= Kenyon cell =

Neuron in the brain of arthropods

Kenyon cells are the intrinsic neurons of the mushroom body, a neuropil found in the brains of most arthropods and some annelids. They were first described by Frederick C. Kenyon in 1896. The number of Kenyon cells in an organism varies greatly between species. For example, in the fruit fly, Drosophila melanogaster, there are about 2,500 Kenyon cells per mushroom body, while in cockroaches there are about 230,000.

== Structure ==

While the exact features of Kenyon cells can vary between species, there are enough similarities to define their general structure. Kenyon cells have dendritic branches that arborize in the calyx or calyces, cup-shaped regions of the mushroom body. At the base of the calyces, Kenyon cell axons come together and form a bundle known as the pedunculus. At the end of the pedunculus, Kenyon cell axons bifurcate and extend branches into the vertical and medial lobes.

Kenyon cells are mainly postsynaptic in the calyces, where their synapses form microglomeruli.
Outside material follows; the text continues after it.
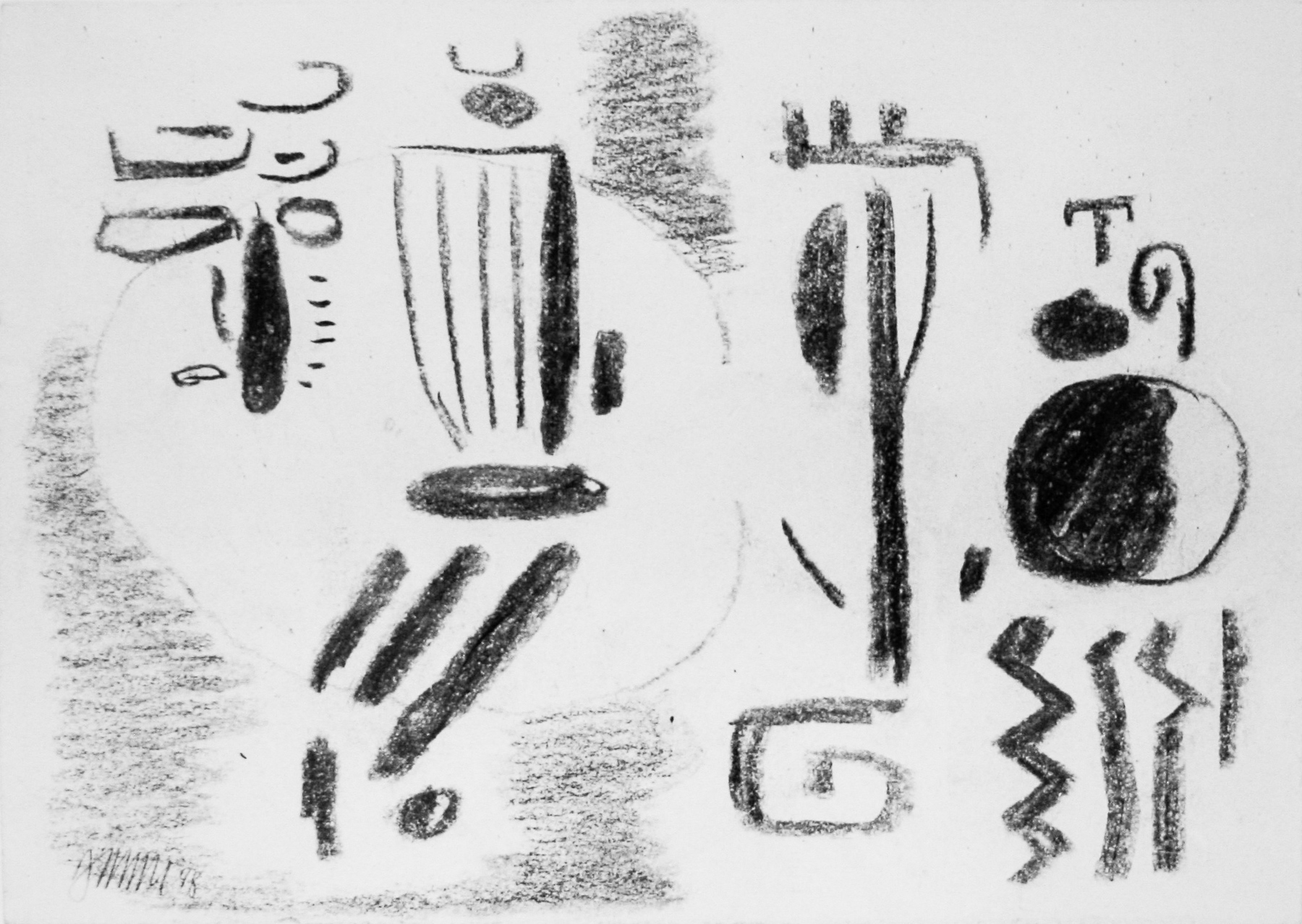 Kohle, Pastell in Violett, fixiert, auf chamoisfarbigem Maschinen-Bütten

These microglomeruli are made up of Kenyon cell dendrites, cholinergic boutons, and GABAergic terminals. Antennal lobe projection neurons are the source of the cholinergic input, and the GABAergic input is from protocerebral neurons.

Kenyon cells are presynaptic to mushroom body output neurons in the lobes. However, the lobes are not only output regions; Kenyon cells are both pre and postsynaptic in these regions.
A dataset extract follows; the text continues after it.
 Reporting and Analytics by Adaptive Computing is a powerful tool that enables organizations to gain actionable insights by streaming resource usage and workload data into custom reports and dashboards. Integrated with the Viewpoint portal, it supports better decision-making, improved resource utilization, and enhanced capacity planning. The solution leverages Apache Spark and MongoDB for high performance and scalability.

The cells are subdivided into subtypes; for example, those that have their cell bodies outside of the calyx cup are called clawed Kenyon cells.

== Development ==

Kenyon cells are produced from precursors known as neuroblasts. The number of neuroblasts varies greatly between species. In Drosophila melanogaster, Kenyon cells are produced from only four neuroblasts, while in the honey bee they are the product of thousands of neuroblasts. Differences in neuroblast number between species are related to the final number of Kenyon cells in an adult.

The positioning of Kenyon cells depends on their birth order. The somata of early-born Kenyon cells are pushed outward as more Kenyon cells are created. This results in a concentric pattern of cell bodies, with the somata of the last-born cells in the center, where the neuroblast had been, and the somata of the first-born cells at the outermost margins of the cell body area. Where a Kenyon cell sends its dendrites in the calyces and which lobes it projects its axons to varies based on its birth-order. Distinct types of Kenyon cells form at specific times during development.

== Function ==

Mushroom bodies are essential for olfactory learning and memory. Odor information is represented by sparse combinations of Kenyon cells. Learning is facilitated by dopamine-driven plasticity of the odor response of Kenyon cells. The cAMP signaling cascade, especially protein kinase A, must function properly in Kenyon cells for learning and memory to occur.

Information about odors may be encoded in the mushroom body by the identities of the responsive neurons as well as the timing of their spikes. Experiments in locusts have shown that Kenyon cells have their activity synchronized to 20-Hz neural oscillations and are particularly responsive to projection neuron spikes at specific phases of the oscillatory cycle.